= Image fidelity =

Image fidelity, often referred to as the ability to discriminate between two images or how closely the image represents the real source distribution. Different from image quality, which is often referred to as the subject preference for one image over another, image fidelity represents the ability of a process to render an image accurately, without any visible distortion or information loss. The two terms are often used interchangeably, but they are not the same.

If we cannot detect the difference between a photograph and a digitally printed image, we might conclude that the digital print has photographic image quality. But subjective impressions of image quality are much more difficult to characterize and, consequently, nearly impossible to quantify. It is not difficult to demonstrate that people use multiple visual factors or dimensions in complex non-linear combinations to make judgements about image quality. There are also significant individual differences in their judgements.

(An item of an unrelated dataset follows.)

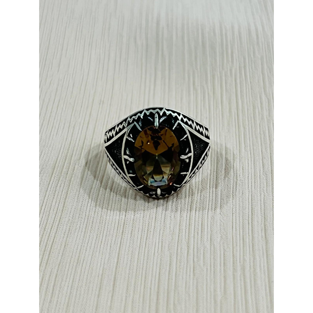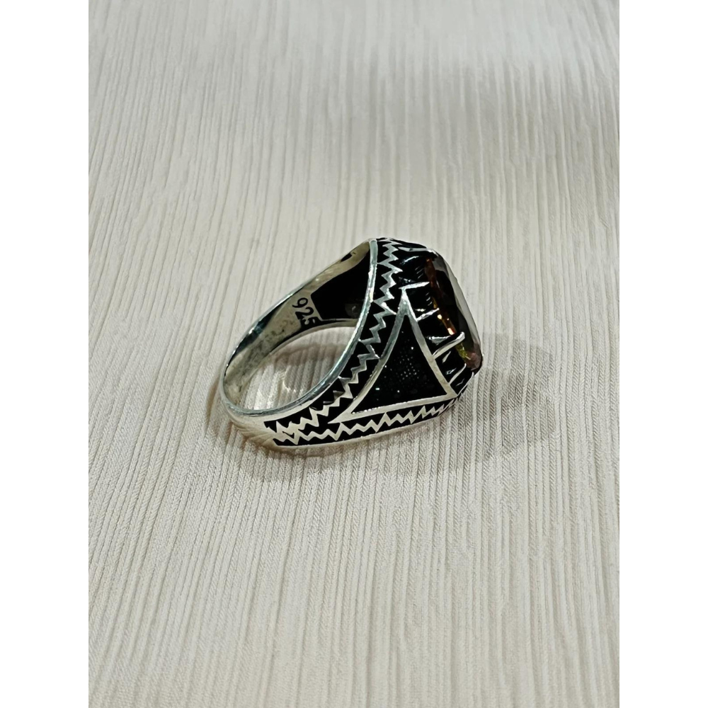 Topaz Axinite Sterling Silver Mens Islamic Ottoman Ring

== Image fidelity in photography ==
In photography, image fidelity is also referred to as micro-contrast or 3D pop. The inner tonal rendition of an image could be found as more shades and details are rendered.

There are three ways to increase image fidelity.

The first is to adopt a high transmission lens on the camera. Lenses with high transmissive characteristics can direct more light into the sensors.

The second is to increase the sensor saturation. There are two ways do this:
- Reduce the thickness of the filter array on the camera sensor so that more low-gain light can be recorded
- Increase the light on the subject so that the sensors are more saturated.
The latter is more common. Flash is usually the method used to achieve it.

Third, reducing or removing the color filter array on a camera sensor. To remove or reduce the thickness of the filter array on the camera sensor so that more low-gain light can be recorded. This process is also called "Debayering a sensor".